▶ **About this exercise**
Exclude the pictures. Transcribe, exactly as written, the lines from the one with "Ja, das Fischöl" through the end of the entries below.

-- Exercise materials follows --

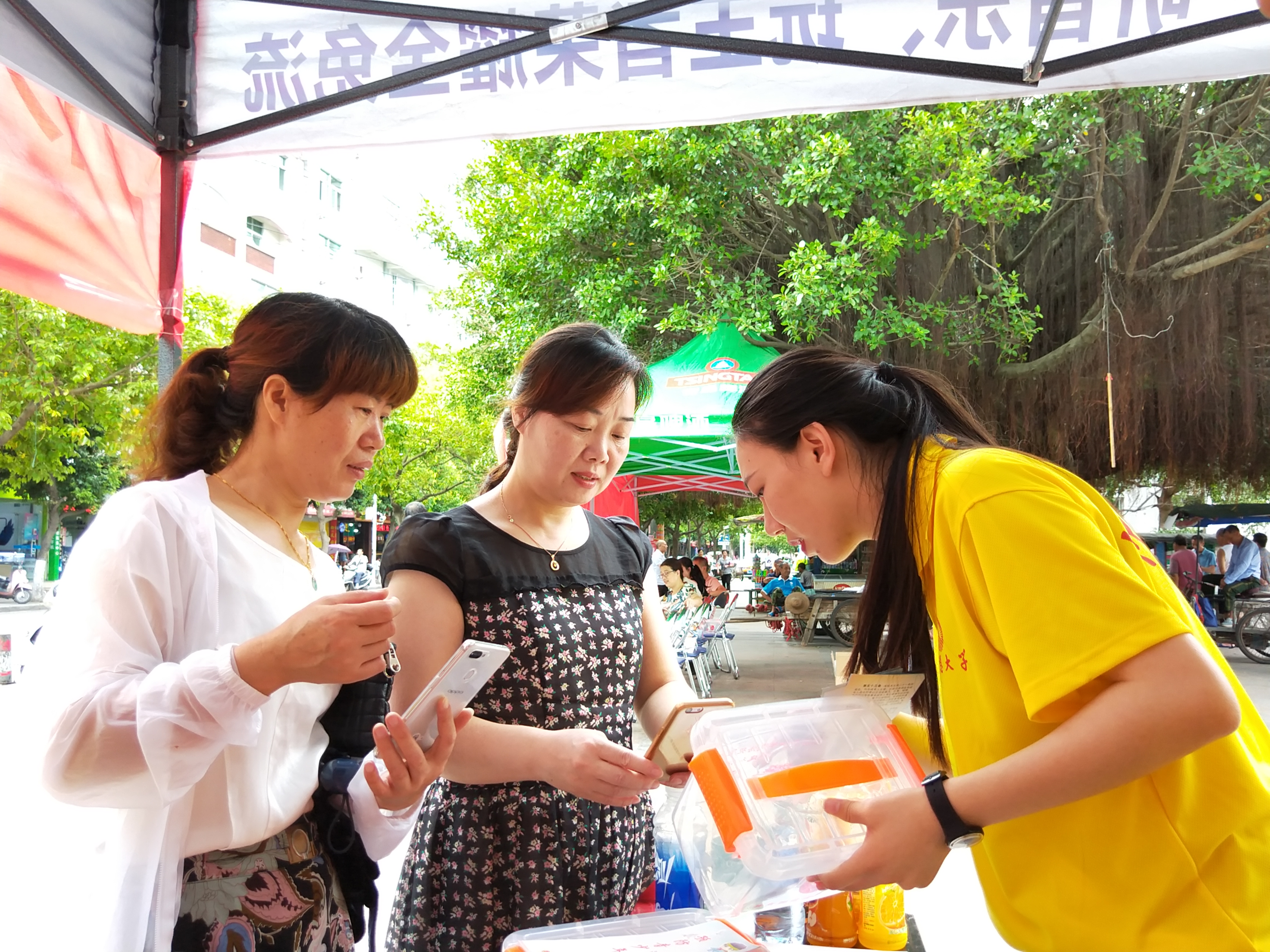 在文化广场上设立服务站,分发宣传册和禁毒宣传的纪念品。实践队伍分为两个部分,8名实践队员到街上分发宣传册,另外8名队员在站点进行讲解禁毒内容和分发纪念品。在领取禁毒纪念品前,需要领取人扫码关注共青团霞浦县委员会,了解更多禁毒知识,让霞浦人民参与到禁毒工作。与此同时,共青团县委也安排了宁德师范学院绿色环保何小禹暑期实践队在此地宣传保护水资源。在此期间,两支队伍进行了禁毒知识与保护水资源的内容交流以及分享实践的经验,并互相鼓励,合影留恋。
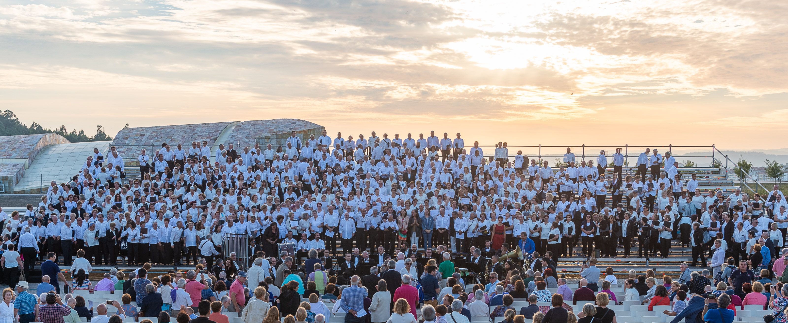 A Cidade da Cultura acolleu a tarde de hoxe a XV Romaría Coral galega, o evento máis importante en Galicia deste xénero musical, ao reunir preto de 800 voces na Praza Central do Gaiás, procedentes de 34 agrupacións. Todas elas entoaron de maneira conxunta pezas do cancioneiro popular galego e internacional, obras de autores clásicos e, como alfinete de ouro, remataron interpretando o Himno galego, acompañados pola Banda Municipal de Música de Santiago.
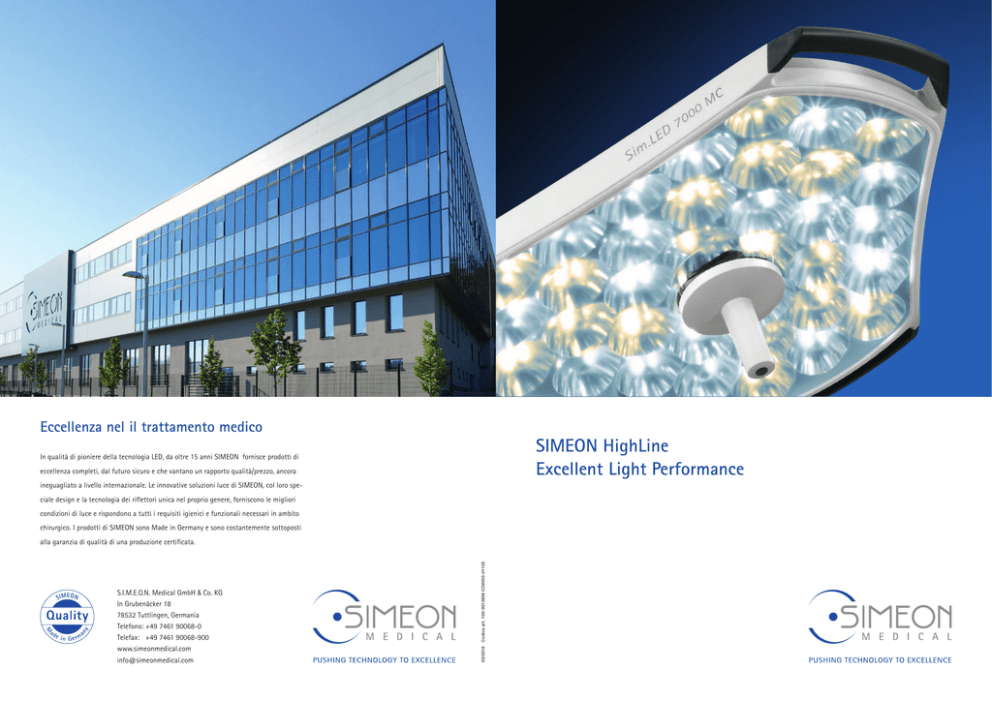 Eccellenza nel il trattamento medico SIMEON HighLine Excellent Light Performance In qualità di pioniere della tecnologia LED, da oltre 15 anni SIMEON fornisce prodotti di eccellenza completi, dal futuro sicuro e che vantano un rapporto qualità/prezzo, ancora ineguagliato a livello internazionale. Le innovative soluzioni luce di SIMEON, col loro speciale design e la tecnologia dei riflettori unica nel proprio genere, forniscono le migliori condizioni di luce e rispondono a tutti i requisiti igienici e funzionali necessari in ambito chirurgico. I prodotti di SIMEON sono Made in Germany e sono costantemente sottoposti S.I.M.E.O.N. Medical GmbH & Co. KG In Grubenäcker 18 78532 Tuttlingen, Germania Telefono:+49 7461 90068-0 Telefax: +49 7461 90068-900 www.simeonmedical.com [email protected] 03/2016 Codice art. 100-0013856 CO#003-01125 alla garanzia di qualità di una produzione certificata. SIMEON HighLine Sim.LED 7000, 5000 Elemento di spicco fra la lampade operatorie I compiti ardui richiedono soluzioni particolari. Le innovative lampade operatorie ●●Con le lampade HighLine Multicolor SIMEON è riuscita a sviluppare lampade ope- SIMEON HighLine offrono tutti i vantaggi della modernissima tecnologia LED in una ratorie con resa cromatica a valore costante ad ogni temperatura di colore. Ad una modalità dall’efficacia unica. Multicolour o singlecolour, il risultato è un riflettore temperatura di colore di 3.500, 4.000, 4.500, 5.000 o 5.500 kelvin, con la HighLine dalla tecnologia unica, dotato della massima potenza e delle migliori caratteristiche. Multicolour otterrete un Ra > 96 costante in ogni impostazione della temperatura SIMEON, fra i leader tecnologici in materia di LED per sala operatoria, è fra i produt- di colore tori più flessibili del mercato mondiale. L’eccezionale know-how della produzione di lampade operatorie viene coniugato all’innovazione. SIMEON è dunque in grado di fornire soluzioni di illuminazione e sistemi che si impongono come nuovo punto di riferimento e che presso gli altri produttori sono ancora in fase di studio. Ma guardate voi stessi. ●●Le lampade HighLine Singlecolor dotate dei nuovissimi LED monocromatici a luce bianca, forniscono la condizione di luce ideale in ogni situazione operatoria SIMEON HighLine – vantaggi lampanti Multicolor Selezionando una temperatura di colore di 3.500, 4.000, 4.500, 5.000 o 5.500 kelvin, con una SIMEON HighLine Multicolor otterrete in ogni impostazione un indice di resa cromatica costante di Ra > 96. Con la tecnologia sun.LED disporrete della luce migliore in ogni situazione. Illuminazione ottimale: campo luminoso ottimale e illuminazione a 360° rispettivamente con 108 e 72 LED, per un assorbimento di potenza minimo. 1.200 mm Massima efficienza energetica e gestione otti- Vetro di sicurezza ESG antigraffio resi- male del calore stente alla luce rendimento luminoso ideale con pochi LED e un garantisce una trasparenza della luce di colore: tutte regolabili con la massima semplicità attraverso il riflettore in alluminio; dissipazione termica ottima- ottimale per tutto il ciclo di vita della comando cardanico. L’impostazione preferita dal chirurgo può essere le grazie al supporto LED in alluminio, dissipazione lampada e condizioni igieniche ideali. facilmente salvata mediante la funzione di comando my.LED ed è immediata dei minimi sviluppi di calore nel corpo lampada in alluminio, al fine di minimizzare lo sviluppo di calore. Comando cardanico Intensità luminosa, dimensioni del campo luminoso e temperatura richiamabile premendo semplicemente un pulsante. Nuovissima tecnologia LED Design rivoluzionario. Assolutamente straordinaria. I nuovissimi LED Multicolor o Singlecolor, la tecnologia del riflettore brevettata e la disposizione dei LED secondo un design unico consentono di ottenere più luce senza ombra. Le lampade HighLine garantiscono alle operazioni l’illuminazione ottimale. Il minimo sviluppo di calore, la lunga durata utile ed il basso consumo energetico di queste lampade operatorie risultano accattivanti quanto la loro facilità di manutenzione. Anche per quanto riguarda l’igiene e la pulizia, le lampade HighLine stabiliscono nuovi standard grazie alla loro configurazione chiusa, senza soluzione di continuità, nonché al vetro di sicurezza ESG antigraffio facile da pulire. 5 anni di garanzia su Sim.POD Tecnologia del riflettore brevettata ● Sim.POD: tre LED SC o MC ad elevata intensità luminosa di ● Massima efficienza energetica e gestione ottimale del calore: nuovissima generazione al centro di un riflettore in alluminio rendimento luminoso ideale con pochi LED e un riflettore in ad alta specularità alluminio; dissipazione termica ottimale grazie al supporto ● Reflector Shadow Resolution System (RSRS) per una qualità LED in alluminio, dissipazione immediata dei minimi sviluppi della luce unica: l’ampia superficie di emissione della luce, il di calore nel corpo lampada in alluminio, al fine di minimiz- raggruppamento e la sovrapposizione ottimali dei fasci di luce zare lo sviluppo di calore consentono un’illuminazione ideale senza sistema di sensori né adattamento automatico del valore della luce ● Eccellenti valori di flusso laminare: grazie alla luce estremamente fredda, le turbolenze sul lato superiore ed inferiore del corpo lampada vengono ridotte al minimo ● Ra > 96 costante in ogni impostazione della temperatura di colore, grazie alla tecnologia sun.LED ● Controllo semplice di tutte le opzioni mediante comando cardanico Flessibilità dal futuro sicuro Design rivoluzionario ● Agevole implementazione in sistemi integrati mediante ● Il design a triangolo di SIMEON offre la massima superficie di Sim.INTERFACE ● Lunghissima durata utile ● Concetto intuitivo my.LED ● Ampliamento del sistema mediante telecamera Sim.CAM e sistemi a bracci porta monitor Sim.SCREEN ● Possibilità di successivi ampliamenti con Sim.FLEX ● Ecosostenibile in virtù della massima effi
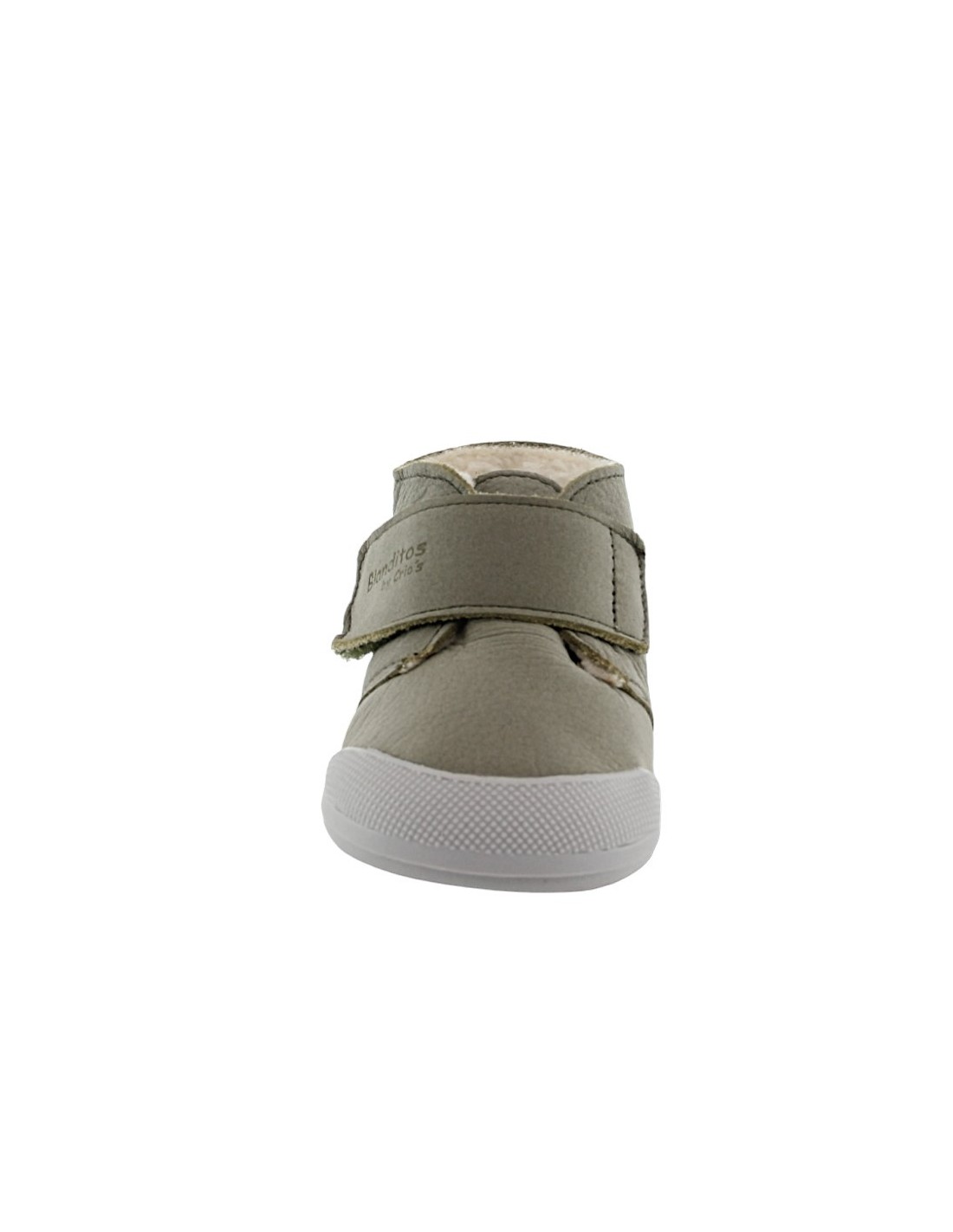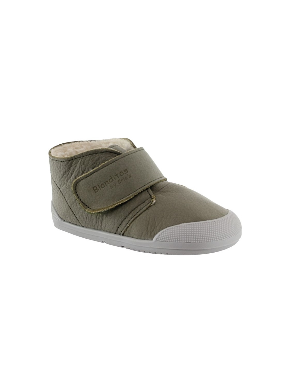 Botines de la marca Blanditos, modelo Sansa de color verde con borreguillo. Se ajustan a los pies gracias a su cierre con velco. Están diseñados para que se adapten a la forma original de los pies, con una suela fina y una plantilla amplia.
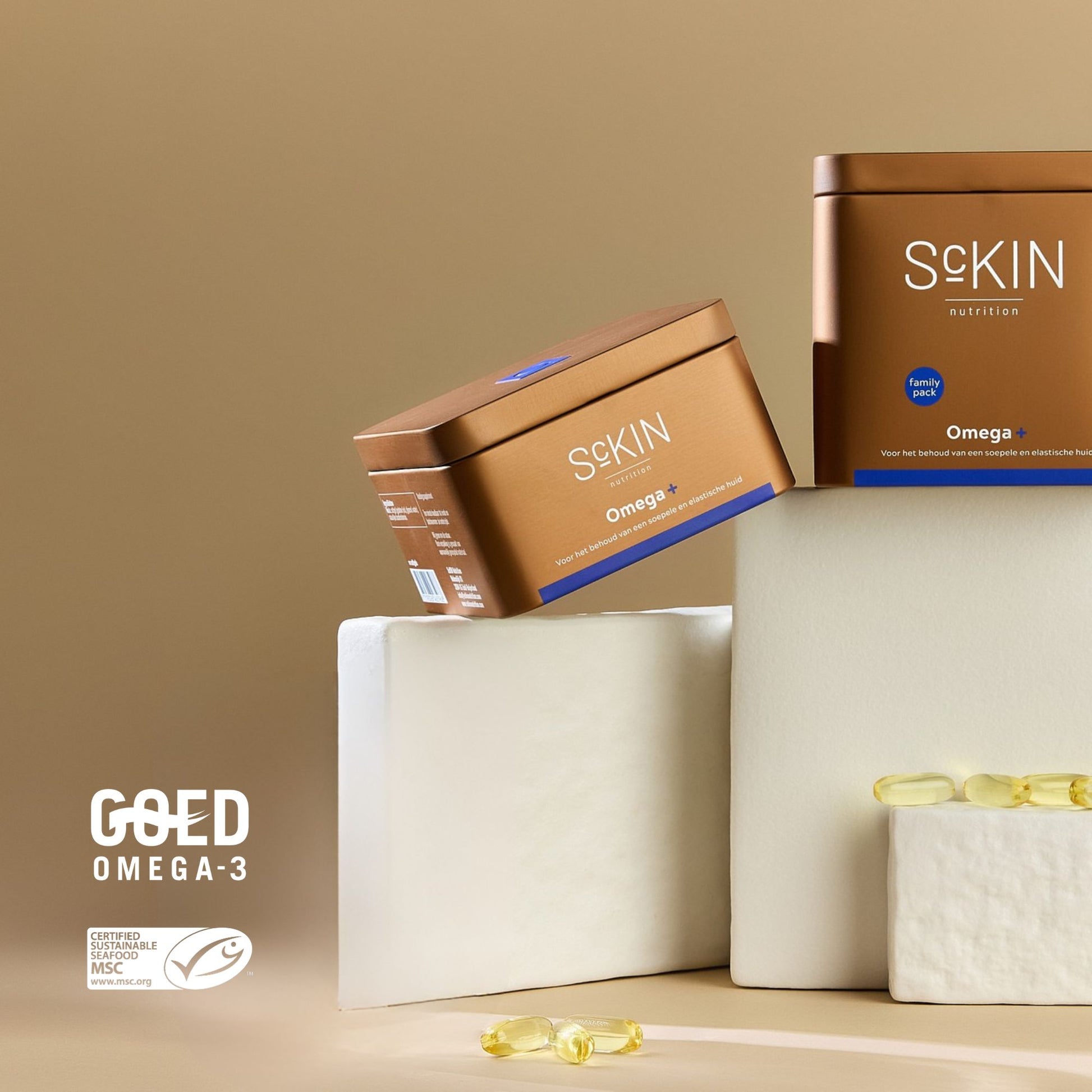 Ja, das Fischöl in Omega+ stammt aus nachhaltiger Fischerei. Dies ist an den MSC- und GOED-Omega-3-Siegeln auf der Dose erkennbar, die für Qualität und Nachhaltigkeit stehen.
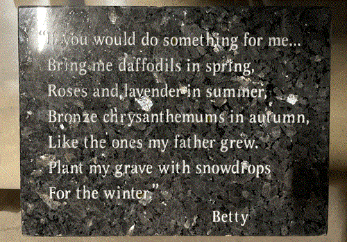 Please review our Policy on Production & Delivery for Monuments, Grave Markers and Headstones.
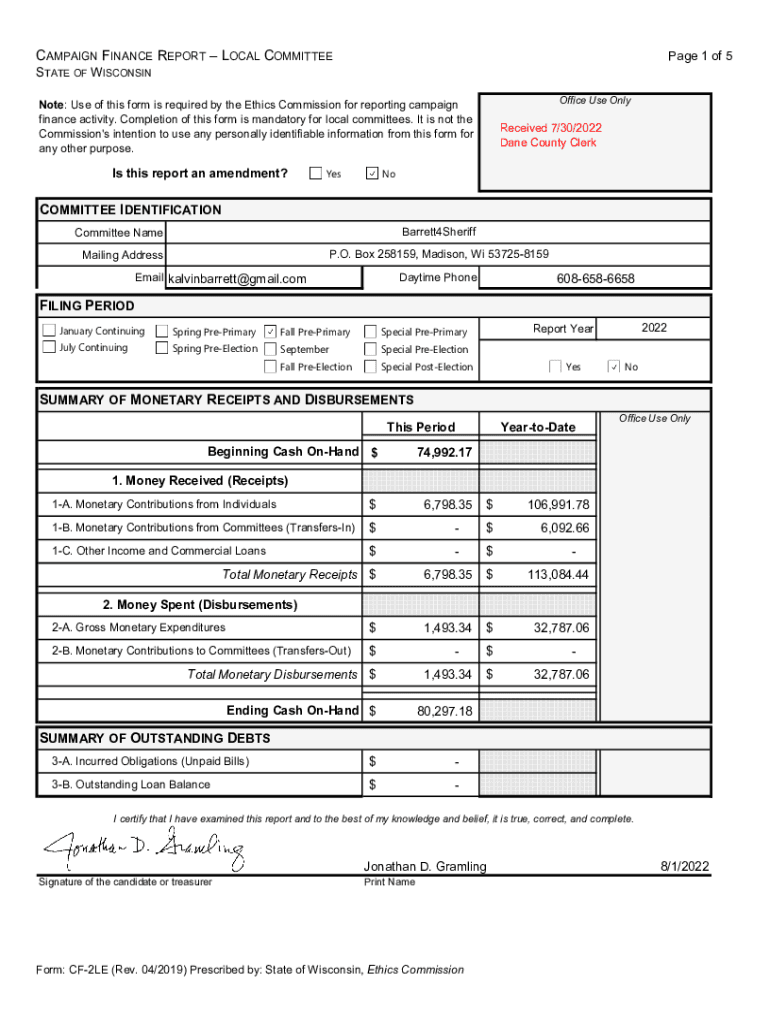 CAMPAIGN FINANCE REPORT LOCAL COMMITTEE Page 1 of 5STATE OF W ISCONSINOffice Use OneNote: Use of this form is required by the Ethics Commission for reporting campaign finance activity. Completion
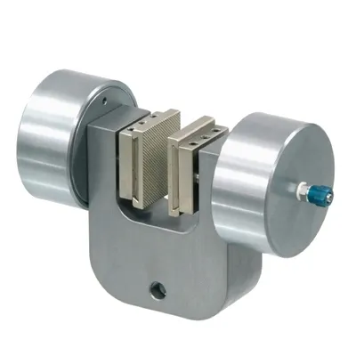 A pair of pneumatically-operated, Double-action Medium Vice Grips with an opening of 0-20mm depending on the jaw types selected. Each grip is fitted with 2 x 50 mm diameter pneumatic pistons, which allow the test specimen to be easily held around the central axis and apply up to 1.2 kN constant clamping force.

-- Exercise materials concluded --

▶ **Finished task**
 Ja, das Fischöl in Omega+ stammt aus nachhaltiger Fischerei. Dies ist an den MSC- und GOED-Omega-3-Siegeln auf der Dose erkennbar, die für Qualität und Nachhaltigkeit stehen.
 Please review our Policy on Production & Delivery for Monuments, Grave Markers and Headstones.
 CAMPAIGN FINANCE REPORT LOCAL COMMITTEE Page 1 of 5STATE OF W ISCONSINOffice Use OneNote: Use of this form is required by the Ethics Commission for reporting campaign finance activity. Completion
 A pair of pneumatically-operated, Double-action Medium Vice Grips with an opening of 0-20mm depending on the jaw types selected. Each grip is fitted with 2 x 50 mm diameter pneumatic pistons, which allow the test specimen to be easily held around the central axis and apply up to 1.2 kN constant clamping force.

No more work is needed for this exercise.